=== Information provided ===
════════════════════
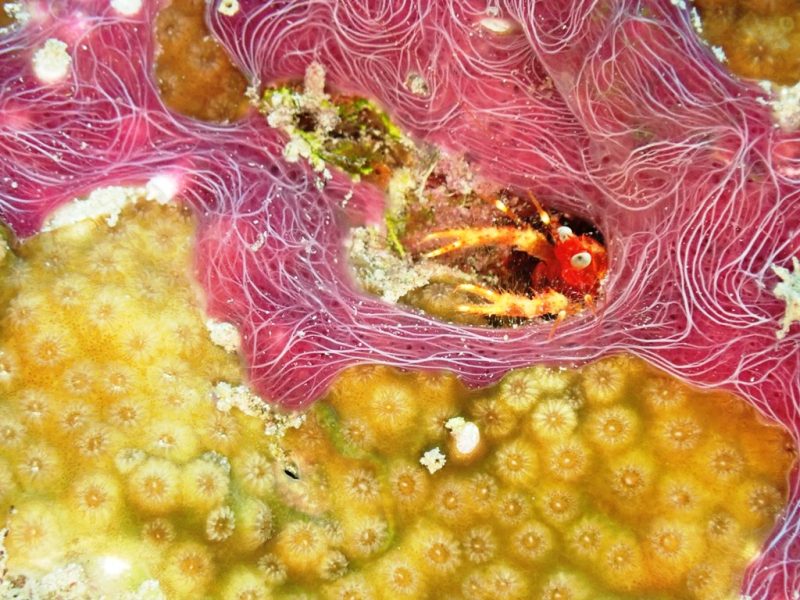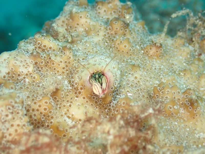 カンザシゴカイの仲間がつくった石灰質の棲管に住んでいて、いつも顔やはさみだけを出しています。こちらも穴の中から「こんにちは~」って感じで可愛いですね~。
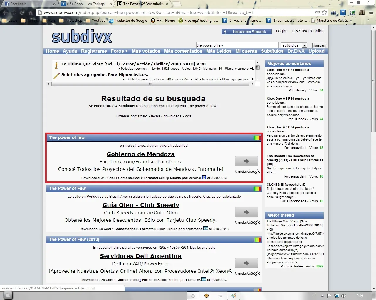 1er Paso: Vamos a la pagina de preferencia "www.subdivx.com" o en donde se encuentre el subtitulo.
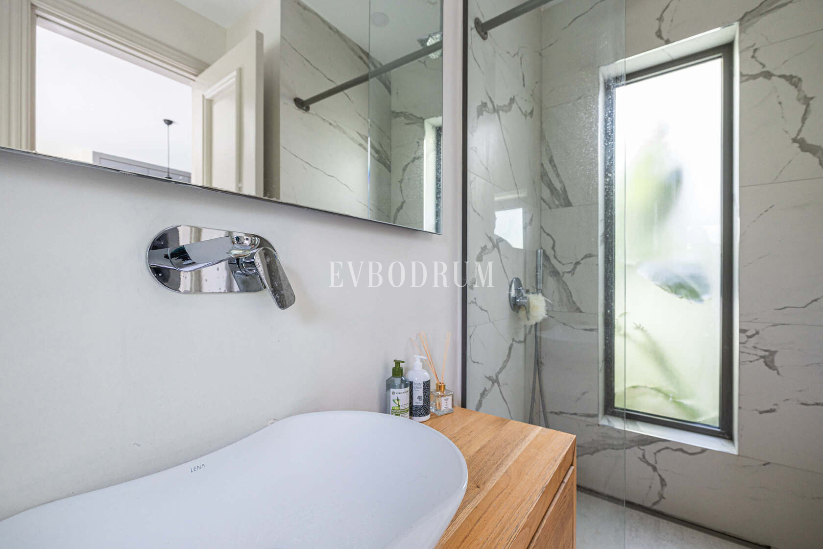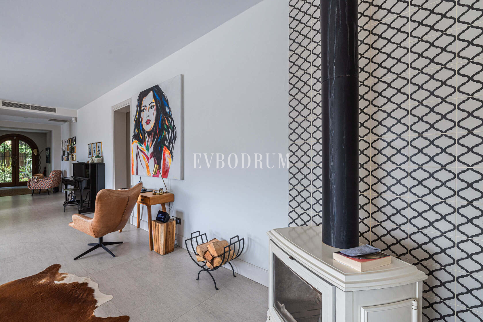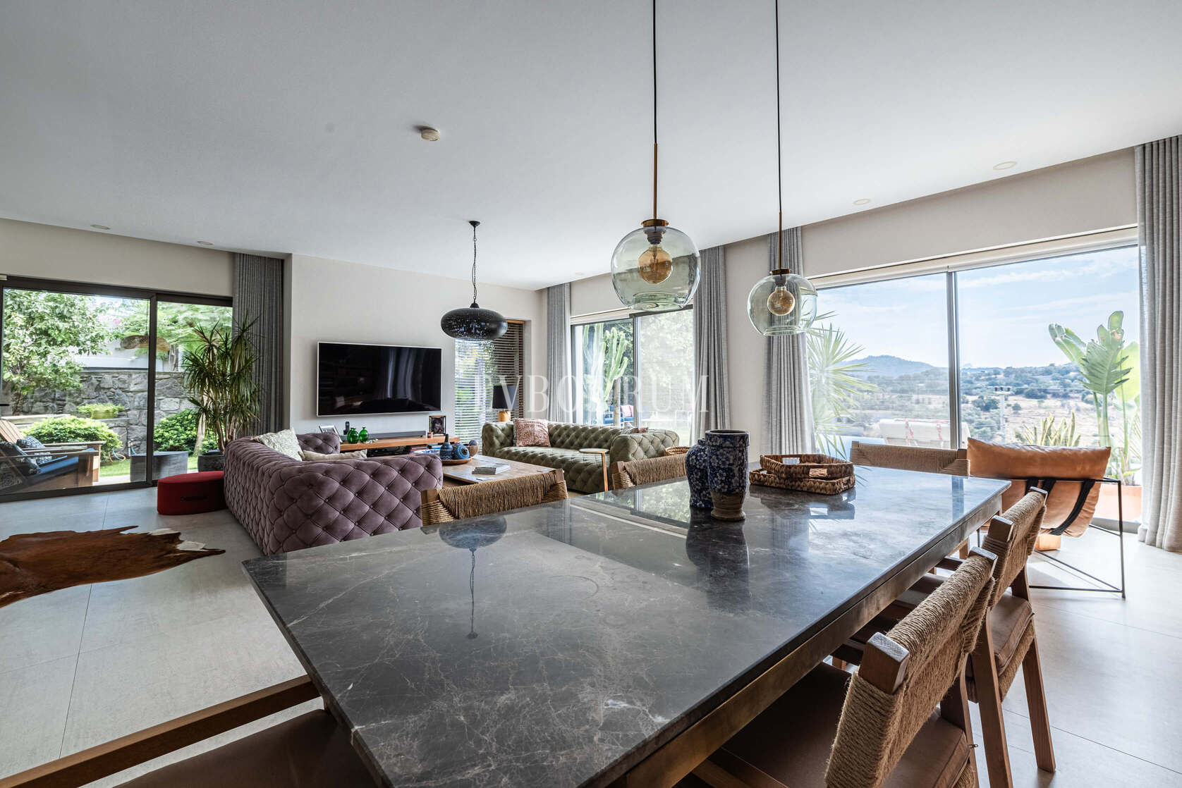 Görkemli giriş kapısı, geniş salona ve oradan da geniş yemek alanına sahip ferah yaşam alanına açılmaktadır. Tavandan tabana uzanan sürgülü cam kapılar kesintisiz manzaraya doğru açılır ve evin etrafını çevreleyen teraslara, bahçeye ve havuza doğrudan erişim sağlar.
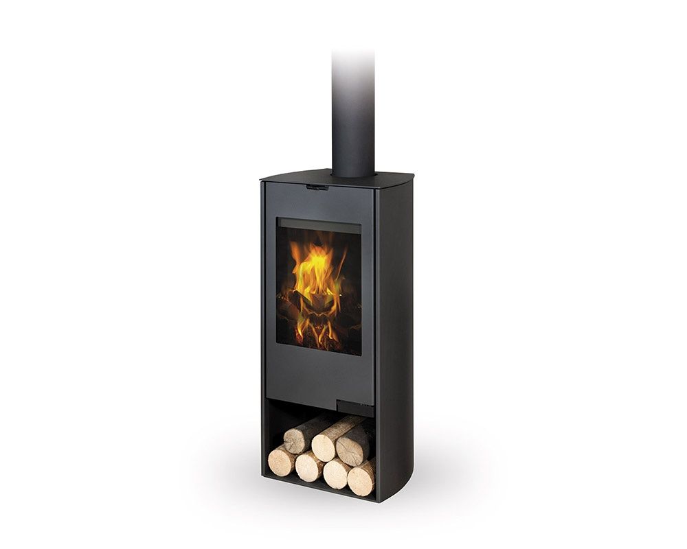 Esta estufa de leña es apta para todo tipo de interiores. El diseño de la estufa permite la conexión opcional de humos en ambos sentidos, superior o posterior. Gracias a la entrada de aire secundario, el vidrio de la puerta se lava con aire para evitar la acumulación de hollín. La cámara de combustión está revestida con cerámica "chamotta". Las tomas de aire primario y secundario están reguladas por un único elemento de control. La parte inferior de la estufa se puede utilizar para almacenar una pequeña cantidad de leña.
════════════════════
=== Task brief ===
Give every line of the data above again as it stands; the pictures stay out.

=== Solution to this task ===
 カンザシゴカイの仲間がつくった石灰質の棲管に住んでいて、いつも顔やはさみだけを出しています。こちらも穴の中から「こんにちは~」って感じで可愛いですね~。
 1er Paso: Vamos a la pagina de preferencia "www.subdivx.com" o en donde se encuentre el subtitulo.
 Görkemli giriş kapısı, geniş salona ve oradan da geniş yemek alanına sahip ferah yaşam alanına açılmaktadır. Tavandan tabana uzanan sürgülü cam kapılar kesintisiz manzaraya doğru açılır ve evin etrafını çevreleyen teraslara, bahçeye ve havuza doğrudan erişim sağlar.
 Esta estufa de leña es apta para todo tipo de interiores. El diseño de la estufa permite la conexión opcional de humos en ambos sentidos, superior o posterior. Gracias a la entrada de aire secundario, el vidrio de la puerta se lava con aire para evitar la acumulación de hollín. La cámara de combustión está revestida con cerámica "chamotta". Las tomas de aire primario y secundario están reguladas por un único elemento de control. La parte inferior de la estufa se puede utilizar para almacenar una pequeña cantidad de leña.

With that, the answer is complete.